Write your own! On having better habits as an R programmer
I contribute responses to Stack Overflow pretty frequently. I like answering well-written questions and enjoy that it keeps my skills sharp. However, one area of annoyance for me on Stack Overflow is that many answers start with “You can do this using the <insert package name here> package” – even when the task at hand can be handled in base R. For many posters, that’s probably not a big deal, but I find myself getting those answers occasionally on my questions, even when I explicitly ask for base R solutions.

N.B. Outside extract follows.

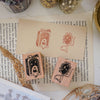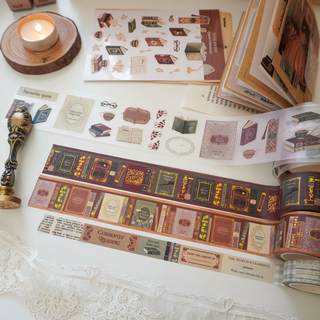- 1 x A6 Library Chronicles Washi Paper Sticker Sheet printing on premium Japanese washi sticker paper, each piece comes on a clear backing sheet for easy peeling.

“So what?” I can hear you asking it already, and it’s a valid question. After all, one of the great benefits of R is that you can tap into the collective talent of thousands of statistical programmers across the globe. In part, that’s what makes R such a powerful tool for data scientists and statisticians – the fact that it is, for all intents and purposes, the “bleeding edge” of statistical methods development. If you want to find someone working with a new type of analysis, you look for their R code. You can know for sure that it won’t be included in SAS for at least five years, if ever. (That’s not a slam on SAS, per se – it’s a recognition that the two tools are used for different things.)
But I suggest that there are many reasons to limit use of third-party packages, and that in the context of Stack Overflow, it is as much a detriment as it is a benefit. So, my proposal is this: the default position of all R programmers (and especially new R programmers) should be to “do it in base R” for a lot of bread-and-butter tasks, and that external packages should be limited to a) specialized tasks that would take an inordinate amount of time to code manually, or b) analytic methods where the published packages are written by the people developing the methods. (To be clear, here, I define “base R” as including the packages that come with R in a clean install.) Forcing yourself write your own solutions will make you a better R programmer, and will make your code more sustainable over the long run.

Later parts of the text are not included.